Italy, the country with the highest death toll from the coronavirus, has reached more than 12,000 deaths.

The country has been on lockdown for three weeks to try to prevent the spread of the virus.

Luigi D'Angelo, director of Italy's Civil Protection Department who manages the country’s emergency response, says the situation is getting better because of the government’s strict lockdown measures. He says these measures have been “respected” by most citizens.

Right now, he says Italy is focusing on keeping people out of hospitals unless they absolutely need to be there. In order to prevent contamination throughout hospitals, doctors have been traveling around to meet patients at their homes, he says.

As the U.S. begins to grapple with similar serious coronavirus concerns, D'Angelo reminds Americans that the real difference lies within each person’s actions.

“If we stay home, if we respect social distance, then we can come through and we can work out from this situation,” he says.

Interview Highlights

On how much longer he believes restrictions on movement in Italy with continue

“So far, the restrictions should end by the 3rd of April. But our scientists and all the technicians are advising the government in participating in these restrictions. So we think that probably they will last till the end of April.”

On whether the country’s hospitals have been getting any relief

“That has been the main problem that we had since the beginning. And unfortunately, the virus attacked us in the hospital, and [doctors and nurses] have been contaminated. But so far, all the measures have been taken. And now that our preventive measures for surveillance, so the people before entering the hospital, they pass through a triage. So what we suffered at the beginning and the lessons learned that we have gained from this bad experience is to prevent the diffusion, first of all, within the hospital. So now we have adopted adequate measures for taking care of the hospitals. But first of all, we have reinforced the basis — health assistance. [People] are not requested to go to the hospital, but they have to call their doctor and the doctor can go home and visit them so just to prevent that they go the hospitals.”

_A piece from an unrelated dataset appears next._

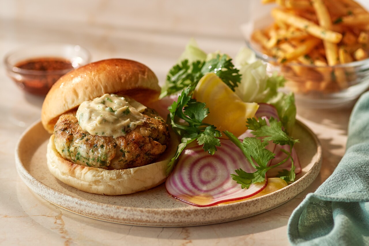 shrimp burger, jalapeño mayo, shaved radish and fries

On why Italy is keeping people out of the hospitals unless they absolutely have to be there

“At the end of the story, this is a war and our soldiers are now doctors and nurses. And we have to do our best to protect them and to prevent them from being contaminated.”

On the number of supplies

“It has been our main concern since the beginning. It has been our limit in responding to this emergency because unfortunately, we had the lack of ... face masks, ventilators, respirators. But now we have improved. Fortunately, China, as it started to provide goods and we are getting more and more masks, ventilators and other stuff. So today we can provide our doctors and nurses with an adequate number of materials.”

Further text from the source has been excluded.